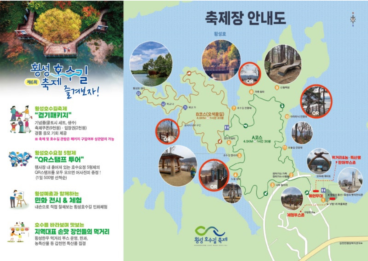 횡성호수길축제가 열리는 5구간은 '가족길'이라고도 불리며, 아이들부터 노인까지 누구나 부담 없이 걸을 수 있는 비교적 평탄한 코스입니다. 축제 기간에는 두 가지 코스가 운영됩니다.
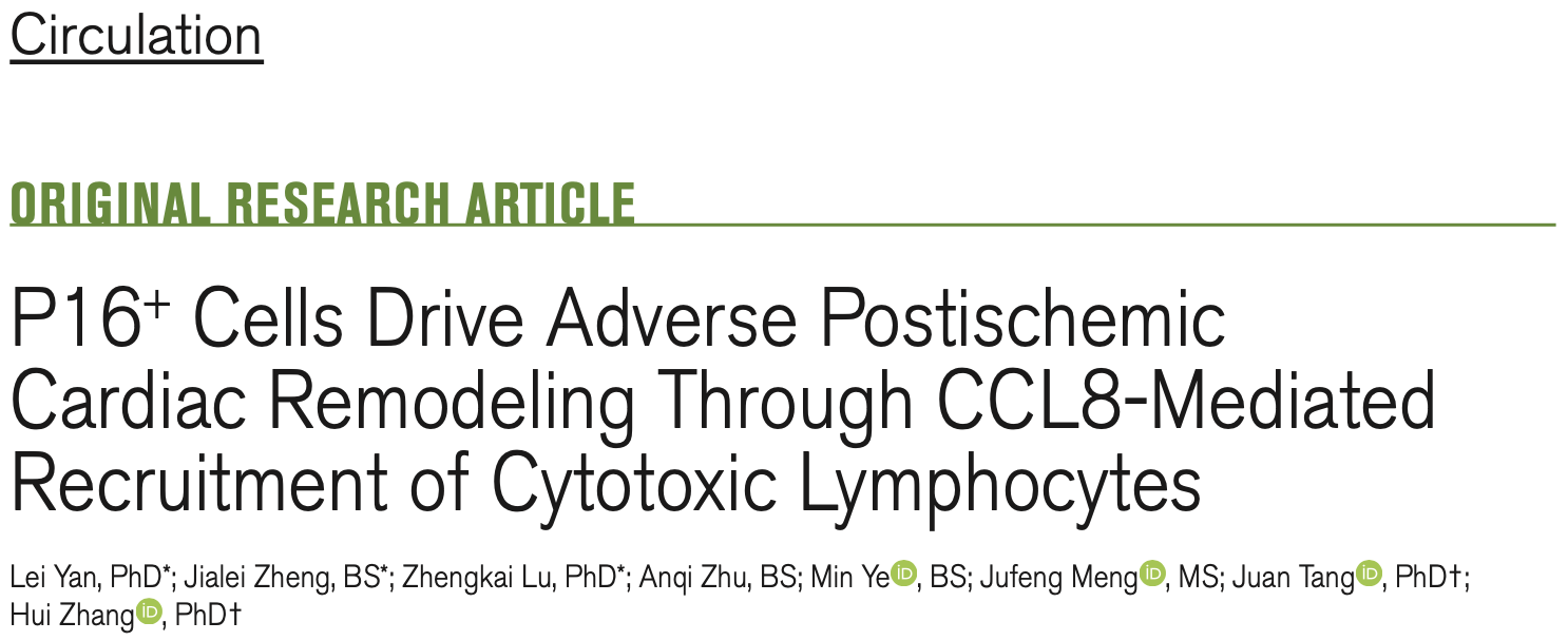 心肌梗死后,心脏会经历由炎症、细胞死亡和纤维化瘢痕形成等驱动的不良重塑,最终导致心力衰竭。然而,驱动过程中的细胞和分子机制一直未被完全阐明。近日,上海科技大学生命科学与技术学院张辉教授团队与同济大学唐娟教授团队联合在《循环》(Circulation)发表一项突破性研究,首次系统揭示了P16阳性细胞在心脏不良重塑中的关键作用,并提出了靶向CCL8信号或P16阳性成纤维细胞的精准干预新策略,为开发基于免疫调节和细胞精准治疗的新型心梗药物提供了重要的理论基础。
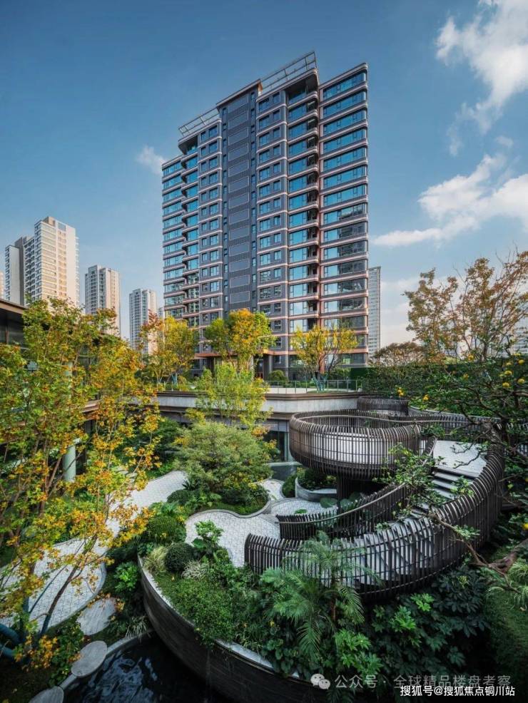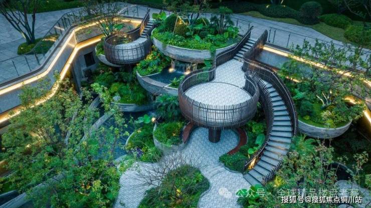 做出6米高差,8层平台,通过高低错落的设计,形成视觉上的层次感。顺着旋转步梯向下,在庭院中自由探索,随意停在一处都可以观景。近处潺潺的水声,和远处涛涛的江声遥相呼应,营造出园林秘境中听潮的特殊体验。
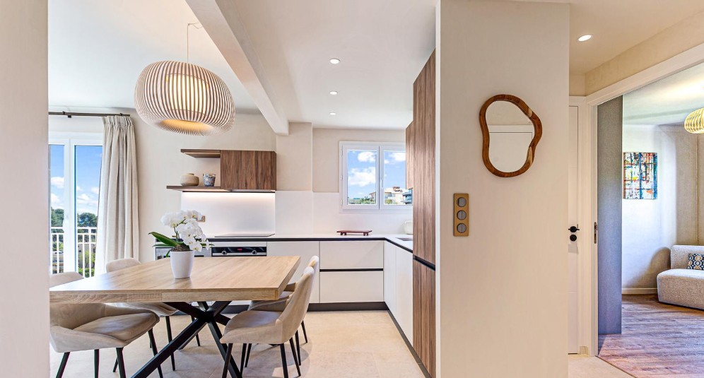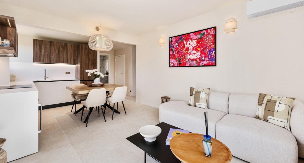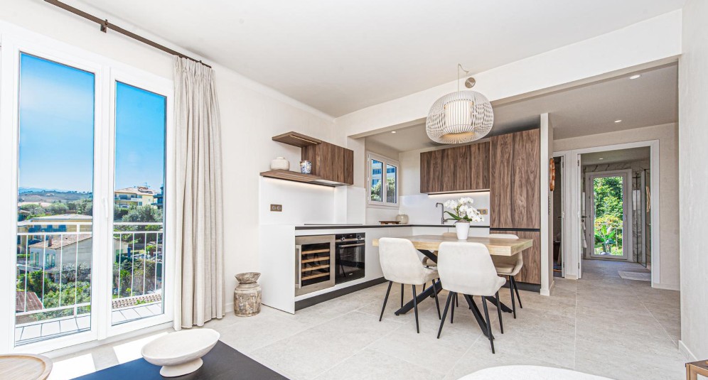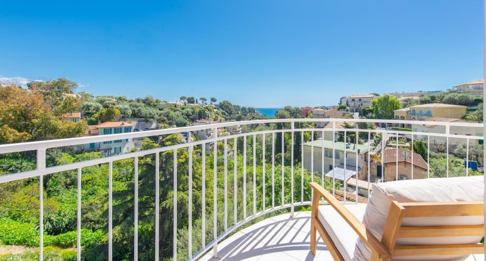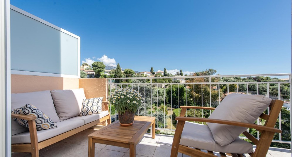Roquebrune-Cap-Martinissa, lähellä Monacoa sijaitseva, täysin remontoitu ylimmän kerroksen asunto, jolla terassi etelään ja merinäkymä.

☆ ☆ ☆ ☆ ☆ ☆ ☆

Leaving aside every picture, transcribe exactly the lines that run from the one with "做出6米高差,8层平台,通过" to the close of the listing above.

◆ TASK SOLUTION ◆
 做出6米高差,8层平台,通过高低错落的设计,形成视觉上的层次感。顺着旋转步梯向下,在庭院中自由探索,随意停在一处都可以观景。近处潺潺的水声,和远处涛涛的江声遥相呼应,营造出园林秘境中听潮的特殊体验。
Roquebrune-Cap-Martinissa, lähellä Monacoa sijaitseva, täysin remontoitu ylimmän kerroksen asunto, jolla terassi etelään ja merinäkymä.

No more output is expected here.